Québec — garderies privées poussées à la faillite par la concurrence déloyale de l'État


Le taux d’occupation dans les garderies privées non subventionnées aurait chuté sous 50 %.

Plusieurs garderies privées non subventionnées sont au bord du gouffre, faute d’enfants. Elles accusent Québec de les conduire à la faillite et réclament un moratoire pour freiner l’octroi de nouveaux permis.

Forte croissance des garderies privées favorisée par l'État

Le gouvernement a un double discours, déplorent-elles, puisqu’il boude leurs installations (en refusant de les convertir en garderies subventionnées par l'État) tout en favorisant leur croissance exponentielle.

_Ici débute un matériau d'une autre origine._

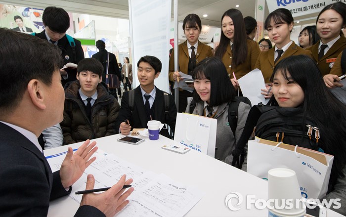 (대전=포커스뉴스) 14일 오전 대전시청에서 열린 청년희망로드쇼 대전·충남권 우수기업 채용박람회에서 많은 학생들이 면접정보를 교육받고 있다.
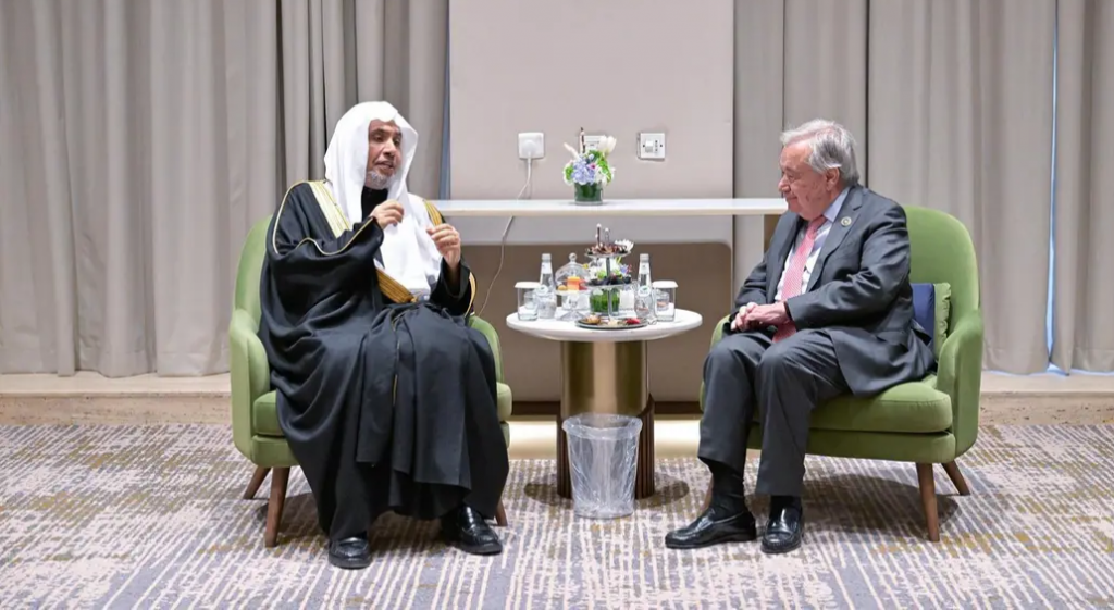التقى معالي الأمين العام لرابطة العالم الإسلامي رئيس هيئة علماء المسلمين فضيلة الشيخ الدكتور محمد بن عبدالكريم العيسى، في الرياض معالي الأمين العام للأمم المتحدة أنطونيو غوتيريش، على هامش المنتدى العالمي الحادي عشر لتحالف الأمم المتحدة للحضارات.
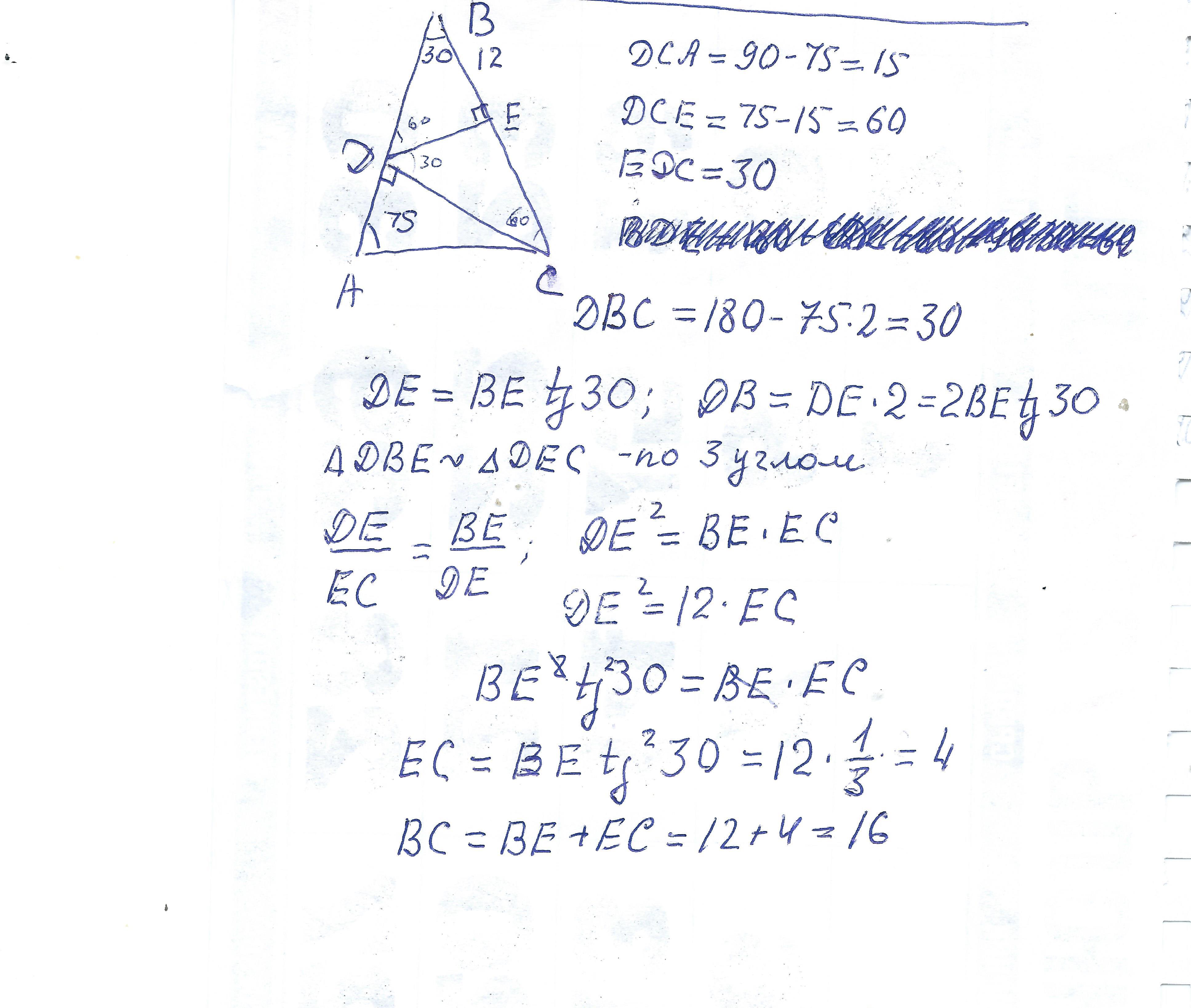 В равнобедренном треугольнике ABC с основанием AC угол A составляет 75°, из угла C построен перпендикуляр CD к противолежащей стороне, точка D лежит на стороне AB. Из точки D построен перпендикуляр DE к стороне BC, точка E лежит на стороне BC. Известно, что отрезок BE равен 12 см.
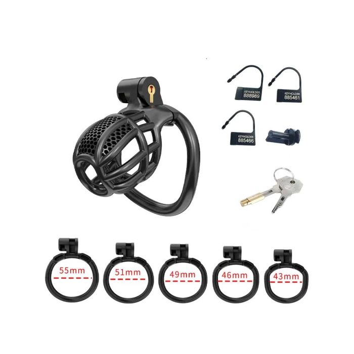 De Rimba P-Cage collectie biedt een innovatieve en veelzijdige oplossing voor degenen die geïnteresseerd zijn in kuisheid en controle. Deze peniskooien zijn vervaardigd uit hoogwaardig ABS-materiaal, wat niet alleen zorgt voor een comfortabele pasvorm, maar ook voor een lange levensduur, waardoor ze ideaal zijn voor langdurig gebruik. Elke kooi is ontworpen om de drager te weerhouden van een erectie, terwijl de slimme opening aan de voorkant het mogelijk maakt om te urineren zonder de kooi te hoeven verwijderen, wat het gebruiksgemak aanzienlijk vergroot. De set bevat vijf ringen in verschillende maten, variërend van 43 tot 55 mm, zodat gebruikers de perfecte pasvorm kunnen vinden. Bovendien wordt de set geleverd met een koperen inbouwslot en drie genummerde plastic hangsloten, die na gebruik eenvoudig kunnen worden afgeknipt met een schaar. Voor extra flexibiliteit zijn er ook twee plastic schroeven inbegrepen, die een alternatief bieden voor de koperen sloten, vooral handig voor reizigers die zich zorgen maken over veiligheidscontroles op luchthavens, aangezien de plastic sloten luchthavenvriendelijk zijn.
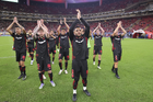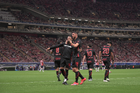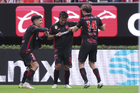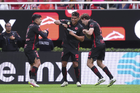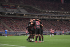 Zapopan, Jalisco, 20 de septiembre de 2025. Jugadores de Toluca en festejo, durante el partido correspondiente a la jornada 9 del torneo Apertura 2025 de la Liga BBVA MX, entre las Chivas Rayadas del Guadalajara y los Diablos Rojos del Toluca, realizado en el estadio Akron. Foto: Imago7/ Hugo Ramírez

Leur nombre a quadruplé en quatre ans et la tendance s’est poursuivie dans les derniers mois.

Soixante-quatre nouvelles garderies non subventionnées (pour un total de 796) ont ouvert leurs portes entre le 1er avril et le 31 juillet, inondant le marché de 3677 places supplémentaires, soit 97 % de toutes les nouvelles places en garderies créées dans les quatre derniers mois.

La ministre de la Famille, Nicole Léger, rappelons-le, a interdit aux garderies non subventionnées de participer à l’appel d’offres pour les 15 000 nouvelles places dites à 7 $ (en réalité près de 60 $ par jour pour le contribuable). Déjà fortement ébranlées par ce refus, elles doivent maintenant composer avec un nombre croissant de concurrents.

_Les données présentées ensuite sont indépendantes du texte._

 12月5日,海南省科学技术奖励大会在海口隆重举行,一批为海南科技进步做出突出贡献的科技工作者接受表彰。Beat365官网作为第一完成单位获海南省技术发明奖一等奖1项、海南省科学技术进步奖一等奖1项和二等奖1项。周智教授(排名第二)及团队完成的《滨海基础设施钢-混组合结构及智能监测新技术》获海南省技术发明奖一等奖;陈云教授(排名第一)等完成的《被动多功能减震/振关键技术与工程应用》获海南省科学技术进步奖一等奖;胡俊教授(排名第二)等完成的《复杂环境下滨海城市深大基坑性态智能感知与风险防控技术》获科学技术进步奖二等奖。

Le Journal de Montréal a discuté avec une quinzaine de propriétaires de garderies dans une situation précaire à Québec, Montréal, Laval, en Montérégie, dans Lanaudière et les Laurentides. L’une d’elles, à Laval, a déclaré faillite à la mi-août, même si elle disposait d’installations « cinq étoiles » selon le gestionnaire qui préfère taire son nom. «La concurrence nous a tués. »

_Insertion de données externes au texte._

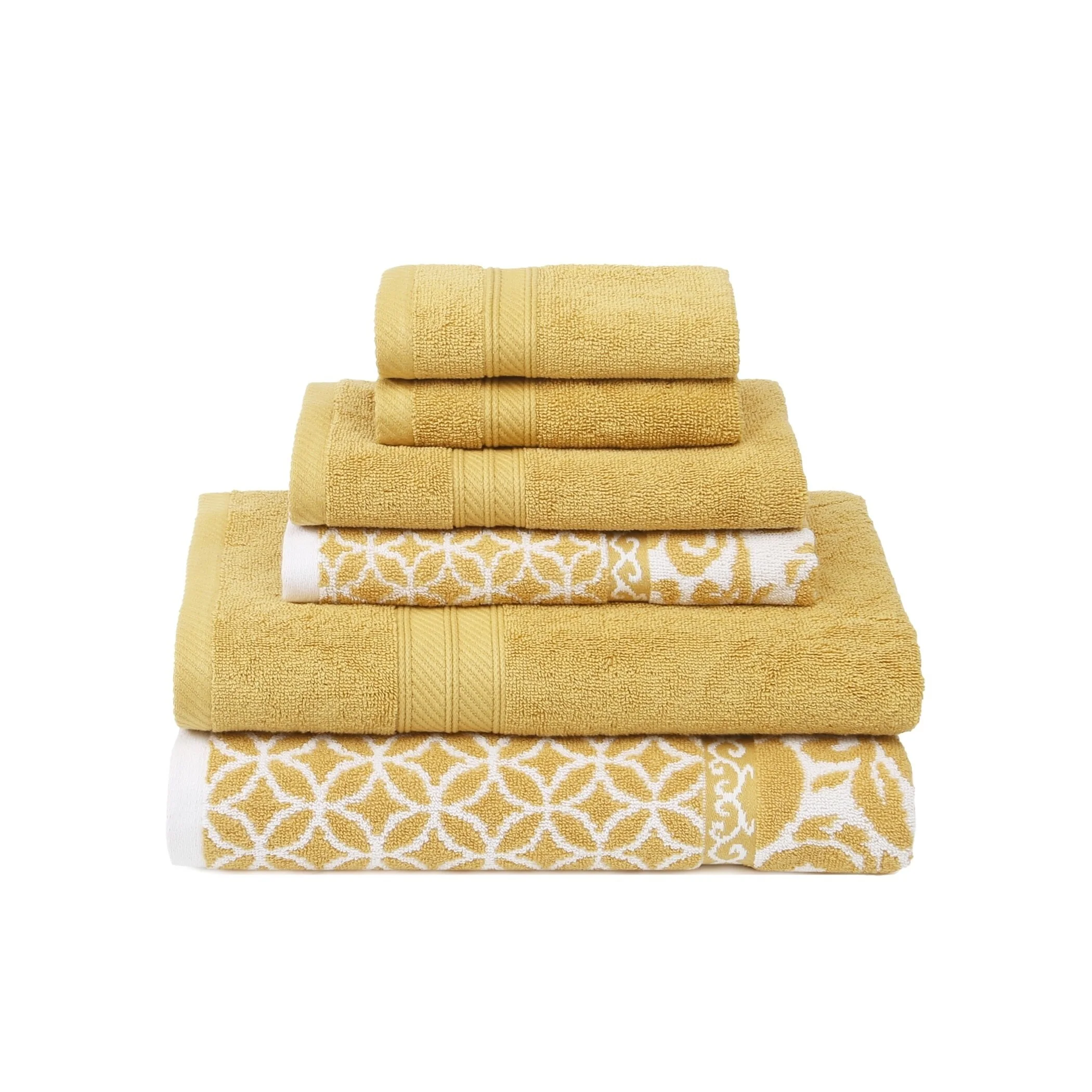 Bring vigor back to your bathroom with the 6 Piece Reversible Yarn Dyed Jacquard Towel Set. They are made from loops of soft 100% cotton with a zero-twist weave that quickly absorbs water. These striking pieces come in a variety of colors that complement your bathroom. The plush towel set offers a lighter weight, fluffy softness, and quick absorbency, which means ultimate comfort and fast results when drying your hands and face after washing up or drying off after stepping out of a hot shower. Finding a quality bath towel that combines luxury softness and ultimate absorbency can be hard to come by these days, especially at an affordable price, but with Modern Threads' incredible bath line we've given you all that and so much more.

Le phénomène est «répandu» selon la Coalition des garderies privées non subventionnées, qui avait sonné l’alarme au printemps. La situation s’est détériorée cet été. Le taux d’occupation de ses membres (qui facturent entre 35 $ et 45 $ par jour par enfant) aurait chuté sous la barre de 50 %.

Pléthore de places ?

« Je reçois des appels tous les jours. Les parents, évidemment, privilégient les places à 7 $. Mais il y a même des garderies à 7  $ et des CPE qui s’affichent en ce moment parce qu’ils manquent d’enfants, je n’ai jamais vu ça en 15 ans», a commenté Marie-Claude Collin au Journal de Montréal. « Ça fait un an qu’on leur dit d’arrêter d’émettre des permis et de décréter un moratoire. La ministre veut 250 000 places subventionnées pour compléter son réseau à 7 $, mais on est rendu à 262 000 places au total. Il y a peut-être une pénurie de places à 7 $, mais il n’y a plus de pénurie de places.»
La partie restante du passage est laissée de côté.